Only time I use the crawl is when I'm out in the pasture down on my knees and looking for an arrant arrow that of course slides under the weeds......


----------



## J. Wesbrock (Dec 17, 2003)

Matt_Potter said:


> WAIT A MINUTE you aim? No wonder you beat me.


My official Team Heretic shirts are on back order.


----------



## ranchoarcher (Sep 26, 2013)

Could someone give a quick explanation as to what a "fixed crawl" is. Are there other types of crawls? I'm a gap off the riser type which generally works half way decent but I keep hearing about how accurate this crawl thing is, One question though. Can it be used when point on is 95 yards? Reason for that is anchor is under the chin. Can't do side of face and get a correct alignment so that was the only option.


----------



## marc weier (May 26, 2009)

matt_potter said:


> wait a minute you aim? No wonder you beat me.


hahahahaha


----------



## marc weier (May 26, 2009)

Todd the archer said:


> Thank Marc, I changed my tab and the way I was anchoring and have been able to tighten my gap to 6" at 20 yards about what I was looking for. Not sure what my point on is yet as I have been preoccupied with starting to use a clicker. Watching you and Yohon at Baltimore inspired me to give it a try. Just got to get Joe on board now!


Just make sure you really give the clicker an honest run if you are going to try it. It took me about a year before I really felt comfortable with it and had to really force myself to NEVER shoot an arrow if the clicker didn't pop.


----------



## Matt_Potter (Apr 13, 2010)

ranchoarcher said:


> Could someone give a quick explanation as to what a "fixed crawl" is. Are there other types of crawls? I'm a gap off the riser type which generally works half way decent but I keep hearing about how accurate this crawl thing is, One question though. Can it be used when point on is 95 yards? Reason for that is anchor is under the chin.
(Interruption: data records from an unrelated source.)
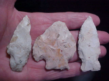 Easy to see the heat treating of the Snyders point in the center of the group--the iron oxides change the 'normally' off-white of the Burlington Chert a 'ruddy' color--you may have a different name for that coloration, but it's instantly recognizable as heat treating. The Snyders shows salvage attempt-after salvage, the Hopewell user found ways (and invented some I'd be hard-pressed to guess)--it worked for their needs--2&5/16" by 2", but still thin, 3/8" max thickness. The stemmed "Steuben" Woodland Culture point is 2&3/4" in length, a black, crunchy mineral build-up on the reverse face--the Adena Dixon is 2&9/16", it's stem edge ground, more heavily sharpened on one blade edge than the opposite side. The Lawrence County, Illinois, finder had some catalog numbers inked-on, but didn't pass along what those numbers indicted--the sites where the pieces were found are likely under a house or highway) now, anyway--a quick aside, one of my favorite sites (a long, low ridge) was used for fill for an interstate overpass. It happens. Three authentic points, real in every detail. Shipping is $8.00, checks or M.O>s welcomed. Sorry, I do not use paypal-type payment systems--Roy A.
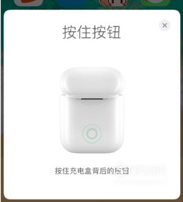 在充电盒背面靠近充电接口的位置有一个圆形按钮,长按它直到LED灯发出白光并闪烁。
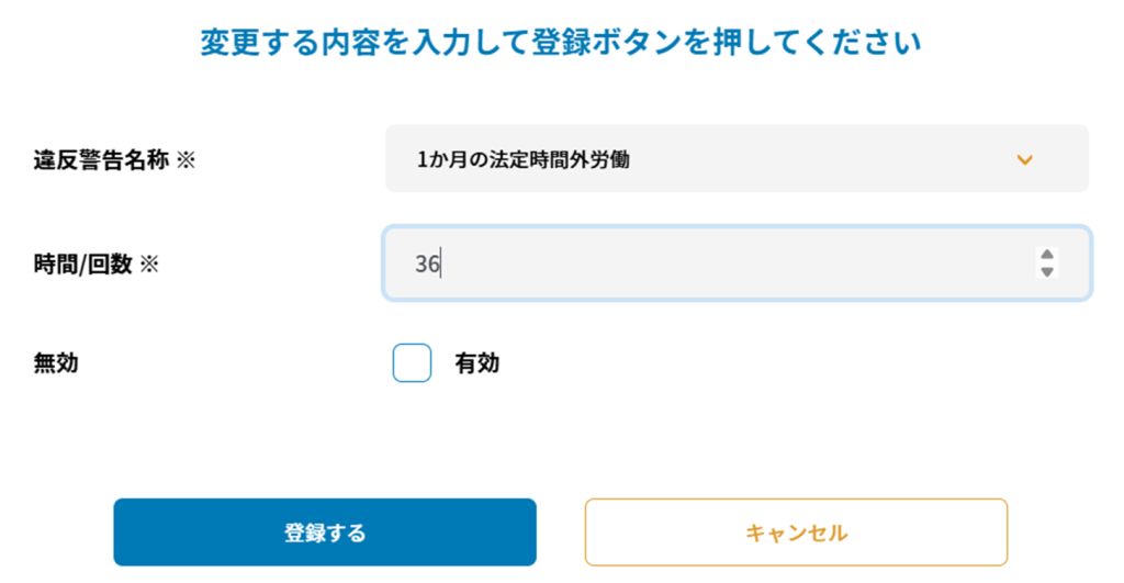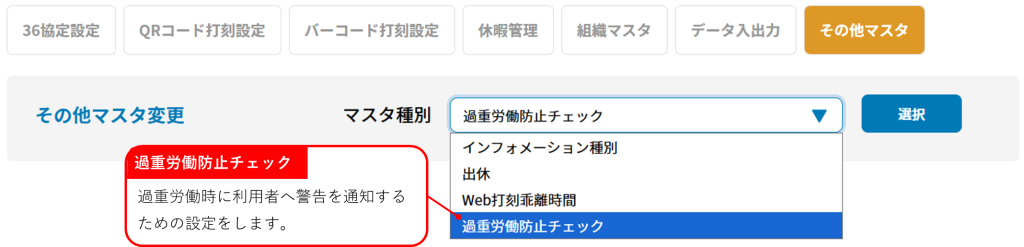 設定>その他マスタのマスタ種別:過重労働防止チェックより過重労働時に利用者へ警告を通知するための設定をします。

Can't do side of face and get a correct alignment so that was the only option.


You figure out what a given stringwalking crawl is and serve a small bump there. Then for all other distances you gap. My fixed crawl for hunting is 25 yards this puts my arrow tip some where in the body of a deer from 10-30 yards and I'm able to tune for perfect arrow flight.


----------



## Bill 2311 (Jun 24, 2005)

I too tried it a couple of times, but I have trouble getting used to the low anchor point. I have adjusted to the three under and high anchor so the anchor at the corner of my mouth is still not comfortable, but I plan on continuing to work on it.
It does make the arrows fly differently but that is only a minor adjustment.


----------



## Tracker12 (Sep 22, 2003)

Well the crawl is still working for me. It actually has me really excited. It's liked something just clicked. I must have shot 20 arrows yesterday at 25 yards into my 3d target and would take any of them on live game. The real test will be at Denton when I am on the course with others


----------



## MGF (Oct 27, 2012)

Bill 2311 said:


> I too tried it a couple of times, but I have trouble getting used to the low anchor point. I have adjusted to the three under and high anchor so the anchor at the corner of my mouth is still not comfortable, but I plan on continuing to work on it.
> It does make the arrows fly differently but that is only a minor adjustment.


Why would you lower your anchor point? Keeping the high anchor, long arrows (and whatever else you might do to minimize your gap) will also minimize the size of the crawl needed and it's effect on "tune".


----------



## mrjeffro (Jul 25, 2007)

I have a 20 yard fixed crawl. Thinking about moving it to 25 yards like Matt. 

Curious what you guys do on the longer shots. With my point on being 40 yards, if I have a 40 yard shot I just set my tab under the nock and aim point on. Seems to work well. Do you guys keep your fixed crawl and gap off that on longer shots?


----------